*** Begin section ***
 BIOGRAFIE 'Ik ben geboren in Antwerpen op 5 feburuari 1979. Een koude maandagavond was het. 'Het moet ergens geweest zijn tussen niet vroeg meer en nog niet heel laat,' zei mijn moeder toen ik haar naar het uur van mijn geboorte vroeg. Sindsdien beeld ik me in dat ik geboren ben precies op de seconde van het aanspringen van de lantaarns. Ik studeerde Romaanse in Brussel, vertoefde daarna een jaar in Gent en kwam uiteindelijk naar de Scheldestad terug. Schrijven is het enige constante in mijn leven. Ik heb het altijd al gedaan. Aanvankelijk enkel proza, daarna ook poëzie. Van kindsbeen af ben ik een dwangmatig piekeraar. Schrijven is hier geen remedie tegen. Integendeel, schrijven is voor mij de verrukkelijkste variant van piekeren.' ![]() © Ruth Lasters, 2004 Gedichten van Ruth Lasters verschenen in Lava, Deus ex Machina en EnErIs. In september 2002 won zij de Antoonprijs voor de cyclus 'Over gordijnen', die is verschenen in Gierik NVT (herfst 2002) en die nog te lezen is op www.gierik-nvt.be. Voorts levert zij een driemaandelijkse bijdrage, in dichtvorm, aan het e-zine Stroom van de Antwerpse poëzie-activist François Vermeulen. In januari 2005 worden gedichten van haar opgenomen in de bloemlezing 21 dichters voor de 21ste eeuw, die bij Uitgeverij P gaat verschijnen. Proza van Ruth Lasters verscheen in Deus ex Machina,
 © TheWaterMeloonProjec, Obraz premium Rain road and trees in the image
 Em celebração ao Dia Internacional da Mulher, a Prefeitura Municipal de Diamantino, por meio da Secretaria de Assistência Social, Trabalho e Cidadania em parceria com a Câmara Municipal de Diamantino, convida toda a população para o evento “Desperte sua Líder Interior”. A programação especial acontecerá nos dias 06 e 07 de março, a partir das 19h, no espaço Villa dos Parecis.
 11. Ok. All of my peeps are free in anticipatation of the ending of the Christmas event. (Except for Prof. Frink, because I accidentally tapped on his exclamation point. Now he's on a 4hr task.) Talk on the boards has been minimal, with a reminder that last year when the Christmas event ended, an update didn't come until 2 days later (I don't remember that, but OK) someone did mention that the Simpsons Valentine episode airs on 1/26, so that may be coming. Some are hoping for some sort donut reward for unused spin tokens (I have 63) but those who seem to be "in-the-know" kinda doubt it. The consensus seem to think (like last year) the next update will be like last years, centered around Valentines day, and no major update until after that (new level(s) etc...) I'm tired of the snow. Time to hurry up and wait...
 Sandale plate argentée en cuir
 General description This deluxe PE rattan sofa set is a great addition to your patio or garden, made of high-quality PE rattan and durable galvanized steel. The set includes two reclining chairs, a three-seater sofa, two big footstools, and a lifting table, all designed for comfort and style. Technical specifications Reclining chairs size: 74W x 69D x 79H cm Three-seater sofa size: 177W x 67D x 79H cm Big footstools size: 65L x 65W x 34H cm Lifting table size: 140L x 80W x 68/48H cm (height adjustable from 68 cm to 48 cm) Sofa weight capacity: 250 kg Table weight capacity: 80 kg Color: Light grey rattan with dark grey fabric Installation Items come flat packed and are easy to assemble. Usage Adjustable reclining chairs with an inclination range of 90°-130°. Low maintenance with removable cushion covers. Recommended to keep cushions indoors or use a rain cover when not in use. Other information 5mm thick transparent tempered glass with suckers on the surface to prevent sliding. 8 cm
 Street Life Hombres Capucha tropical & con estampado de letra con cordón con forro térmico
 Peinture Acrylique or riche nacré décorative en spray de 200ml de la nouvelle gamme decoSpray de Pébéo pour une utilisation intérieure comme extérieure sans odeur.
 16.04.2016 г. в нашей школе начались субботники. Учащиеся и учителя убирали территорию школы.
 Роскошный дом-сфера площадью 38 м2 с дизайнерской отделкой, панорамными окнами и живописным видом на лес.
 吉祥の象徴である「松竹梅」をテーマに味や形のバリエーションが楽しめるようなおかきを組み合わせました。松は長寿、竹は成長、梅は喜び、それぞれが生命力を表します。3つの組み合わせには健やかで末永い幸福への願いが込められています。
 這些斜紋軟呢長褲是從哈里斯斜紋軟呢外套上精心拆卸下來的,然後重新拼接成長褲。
*** End section ***
What is being asked » Transcribe all of the material without omitting a line.

Reply »
 BIOGRAFIE 'Ik ben geboren in Antwerpen op 5 feburuari 1979. Een koude maandagavond was het. 'Het moet ergens geweest zijn tussen niet vroeg meer en nog niet heel laat,' zei mijn moeder toen ik haar naar het uur van mijn geboorte vroeg. Sindsdien beeld ik me in dat ik geboren ben precies op de seconde van het aanspringen van de lantaarns. Ik studeerde Romaanse in Brussel, vertoefde daarna een jaar in Gent en kwam uiteindelijk naar de Scheldestad terug. Schrijven is het enige constante in mijn leven. Ik heb het altijd al gedaan. Aanvankelijk enkel proza, daarna ook poëzie. Van kindsbeen af ben ik een dwangmatig piekeraar. Schrijven is hier geen remedie tegen. Integendeel, schrijven is voor mij de verrukkelijkste variant van piekeren.' ![]() © Ruth Lasters, 2004 Gedichten van Ruth Lasters verschenen in Lava, Deus ex Machina en EnErIs. In september 2002 won zij de Antoonprijs voor de cyclus 'Over gordijnen', die is verschenen in Gierik NVT (herfst 2002) en die nog te lezen is op www.gierik-nvt.be. Voorts levert zij een driemaandelijkse bijdrage, in dichtvorm, aan het e-zine Stroom van de Antwerpse poëzie-activist François Vermeulen. In januari 2005 worden gedichten van haar opgenomen in de bloemlezing 21 dichters voor de 21ste eeuw, die bij Uitgeverij P gaat verschijnen. Proza van Ruth Lasters verscheen in Deus ex Machina,
 © TheWaterMeloonProjec, Obraz premium Rain road and trees in the image
 Em celebração ao Dia Internacional da Mulher, a Prefeitura Municipal de Diamantino, por meio da Secretaria de Assistência Social, Trabalho e Cidadania em parceria com a Câmara Municipal de Diamantino, convida toda a população para o evento “Desperte sua Líder Interior”. A programação especial acontecerá nos dias 06 e 07 de março, a partir das 19h, no espaço Villa dos Parecis.
 11. Ok. All of my peeps are free in anticipatation of the ending of the Christmas event. (Except for Prof. Frink, because I accidentally tapped on his exclamation point. Now he's on a 4hr task.) Talk on the boards has been minimal, with a reminder that last year when the Christmas event ended, an update didn't come until 2 days later (I don't remember that, but OK) someone did mention that the Simpsons Valentine episode airs on 1/26, so that may be coming. Some are hoping for some sort donut reward for unused spin tokens (I have 63) but those who seem to be "in-the-know" kinda doubt it. The consensus seem to think (like last year) the next update will be like last years, centered around Valentines day, and no major update until after that (new level(s) etc...) I'm tired of the snow. Time to hurry up and wait...
 Sandale plate argentée en cuir
 General description This deluxe PE rattan sofa set is a great addition to your patio or garden, made of high-quality PE rattan and durable galvanized steel. The set includes two reclining chairs, a three-seater sofa, two big footstools, and a lifting table, all designed for comfort and style. Technical specifications Reclining chairs size: 74W x 69D x 79H cm Three-seater sofa size: 177W x 67D x 79H cm Big footstools size: 65L x 65W x 34H cm Lifting table size: 140L x 80W x 68/48H cm (height adjustable from 68 cm to 48 cm) Sofa weight capacity: 250 kg Table weight capacity: 80 kg Color: Light grey rattan with dark grey fabric Installation Items come flat packed and are easy to assemble. Usage Adjustable reclining chairs with an inclination range of 90°-130°. Low maintenance with removable cushion covers. Recommended to keep cushions indoors or use a rain cover when not in use. Other information 5mm thick transparent tempered glass with suckers on the surface to prevent sliding. 8 cm
 Street Life Hombres Capucha tropical & con estampado de letra con cordón con forro térmico
 Peinture Acrylique or riche nacré décorative en spray de 200ml de la nouvelle gamme decoSpray de Pébéo pour une utilisation intérieure comme extérieure sans odeur.
 16.04.2016 г. в нашей школе начались субботники. Учащиеся и учителя убирали территорию школы.
 Роскошный дом-сфера площадью 38 м2 с дизайнерской отделкой, панорамными окнами и живописным видом на лес.
 吉祥の象徴である「松竹梅」をテーマに味や形のバリエーションが楽しめるようなおかきを組み合わせました。松は長寿、竹は成長、梅は喜び、それぞれが生命力を表します。3つの組み合わせには健やかで末永い幸福への願いが込められています。
 這些斜紋軟呢長褲是從哈里斯斜紋軟呢外套上精心拆卸下來的,然後重新拼接成長褲。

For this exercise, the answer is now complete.